# Help with Pregnant Kuhli Loach



## flyinphill (May 15, 2015)

I am hoping someone on here can help me figure out what is best to do with my one of my newest additions to the zoo:

Yesterday I moved a 125gal fully planted and stocked aquarium to my house. I would post a pic, but I can't figure out how to do it. Anyway, in the process of moving, we discovered one of the three kuhli loaches in the tank is female, and is quite pregnant. I have never had kuhli's before, so I wasn't quite sure what to do with her. This was totally unexpected, unplanned, and last-minute, so on the fly we decided to set up a maternity tank for her. I had enough extra equipment laying around to put together a 20 gallon wide tank using water, plants, substrate, and one of the filters from her home aquarium. I originally put her in by herself, but information I read suggested that she may do better with companionship, so I caught one of the others in the big tank and put that one in as well.

But now I don't know what to do next. Does anyone on here have experience with successfully raising baby kuhli's? I don't know what to do about temp, food, egg-laying bedding, feeding the fry, basically nothing. Will the other fish in the tank try and eat the eggs or fry, and should I remove her and her friends once the eggs are laid?

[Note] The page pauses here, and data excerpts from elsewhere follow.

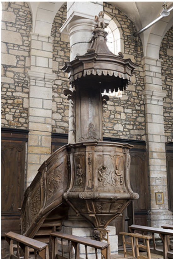
Vue générale de la chaire à prêcher. 70, Rupt-sur-Saône
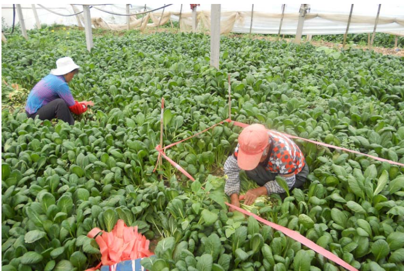
試験栽培のハウスで元気に育つ小松菜（中国山東省萊陽市）
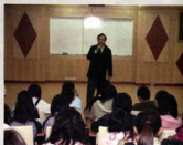
▲ 南安國史中校長致歡迎詞
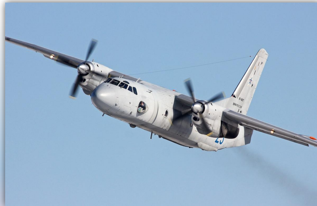
Фото: март 2016 года.
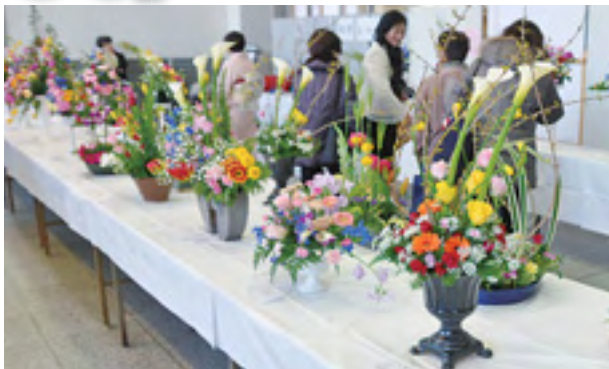
楽しいコーナーがいっぱい(昨年)

Anyone here that has experience with kuhli babies, I would really appreciate any info you can give me.


----------



## Summer (Oct 3, 2011)

Giving you a bump up in hopes someone can help ya! [MENTION=1223]susankat[/MENTION] maybe


----------



## flyinphill (May 15, 2015)

Thanks for the bump. I have no idea how long the gestation period should be, but she still appears to be pregnant.


----------



## FistSlaminElite (Sep 2, 2015)

Well first off she's an egglayer, she's not pregnant she still needs a male, as soon as she sees the conditions as "right" and there's a male around she will pretty much to ballistic, scattering eggs in plants and he will follow and fertilize them, to breed them I would take a whole school of kuhlis, place them in an aquarium that's SUPER heavily planted with stem plants (cabomba , rotala, ect...) and has a sand bottom, feed them frozen food, and daily make it "rain", keep the water level low but take a water sprinkler and pour colder water into the tank so they think its the rainy season, after that inspect daily for lime green eggs, as for food for fry I would start with infusoria then move to bbs and so on


----------



## FancyFish (Jul 22, 2015)

I would add more to the group and move the group to a tank of their own.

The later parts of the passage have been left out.